### GOAL OF THE EXERCISE
Go through the listing below and write out exactly the lines from the one that mentions "Alice and Olivia" through the one that mentions "Ingredient Highlights: Clover", minus the pictures.

### PROVIDED RECORDS

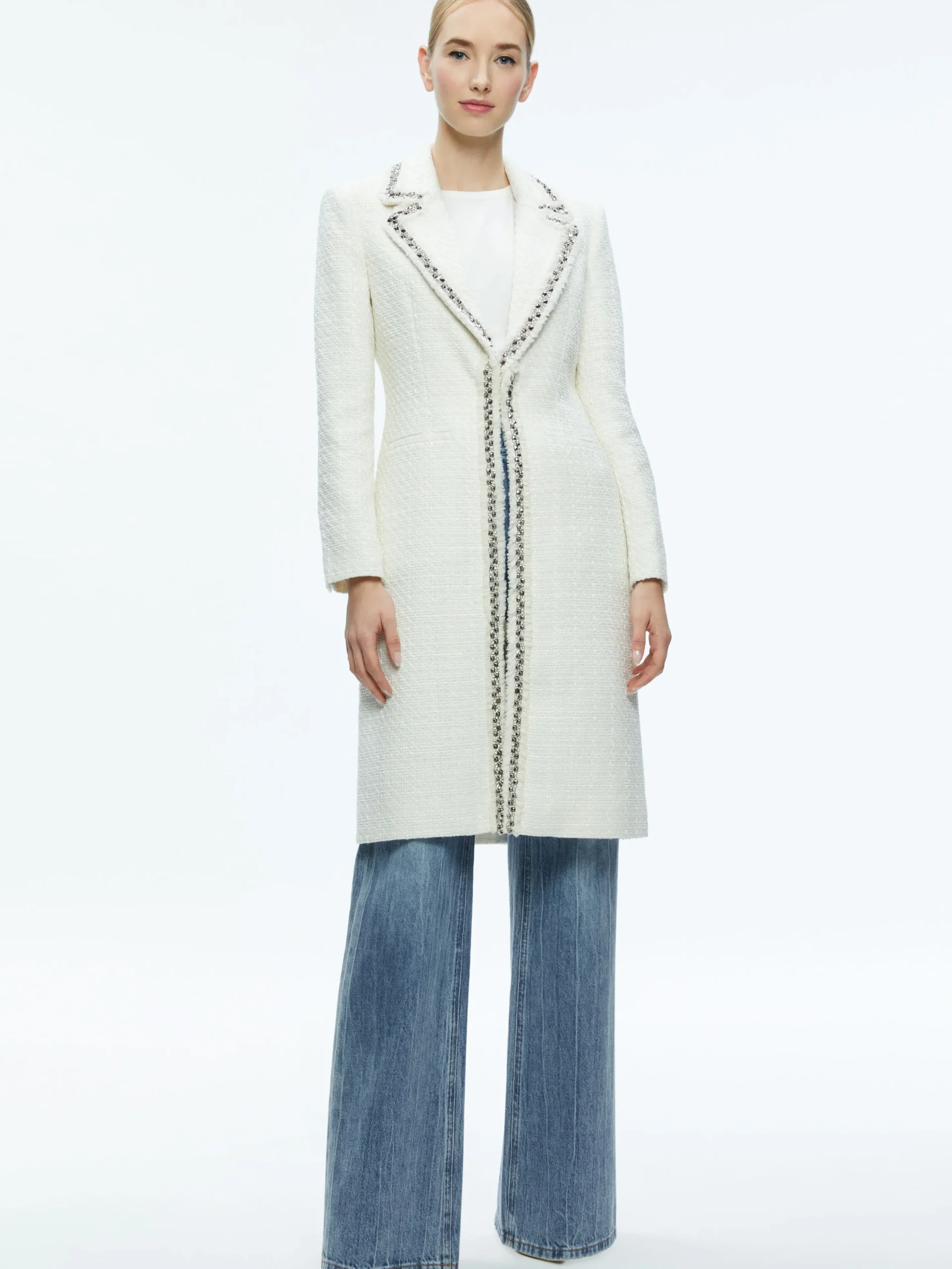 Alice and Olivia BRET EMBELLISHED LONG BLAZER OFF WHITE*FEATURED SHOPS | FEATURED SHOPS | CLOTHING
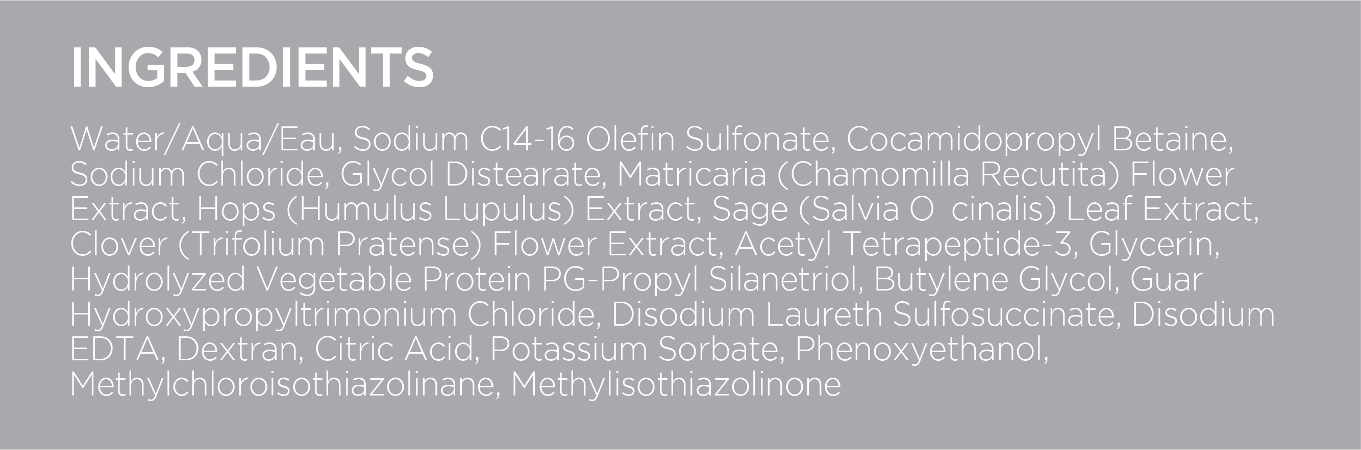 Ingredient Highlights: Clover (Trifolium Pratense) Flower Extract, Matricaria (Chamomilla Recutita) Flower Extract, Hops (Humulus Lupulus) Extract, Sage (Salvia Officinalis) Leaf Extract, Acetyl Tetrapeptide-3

==

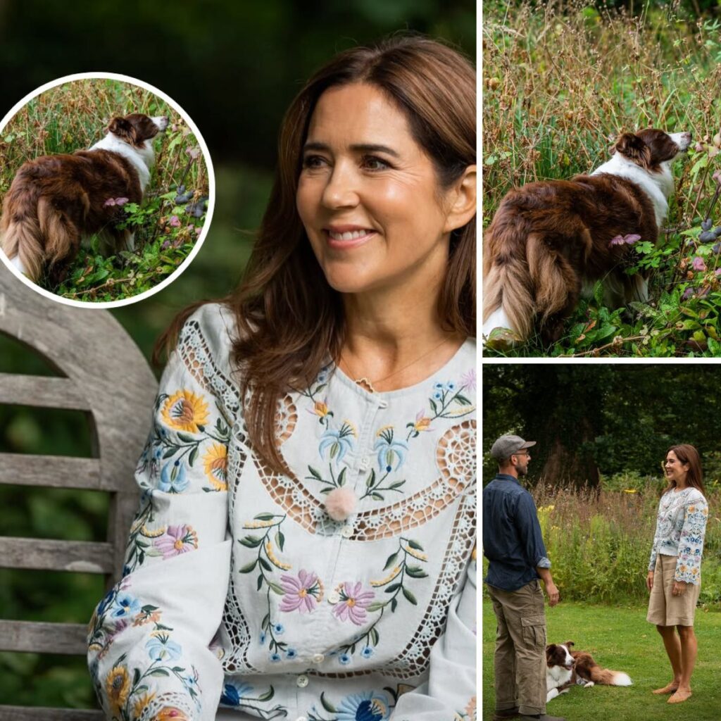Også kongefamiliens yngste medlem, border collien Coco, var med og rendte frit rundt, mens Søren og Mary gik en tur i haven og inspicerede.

### SOLUTION TO THIS EXERCISE
 Alice and Olivia BRET EMBELLISHED LONG BLAZER OFF WHITE*FEATURED SHOPS | FEATURED SHOPS | CLOTHING
 Ingredient Highlights: Clover (Trifolium Pratense) Flower Extract, Matricaria (Chamomilla Recutita) Flower Extract, Hops (Humulus Lupulus) Extract, Sage (Salvia Officinalis) Leaf Extract, Acetyl Tetrapeptide-3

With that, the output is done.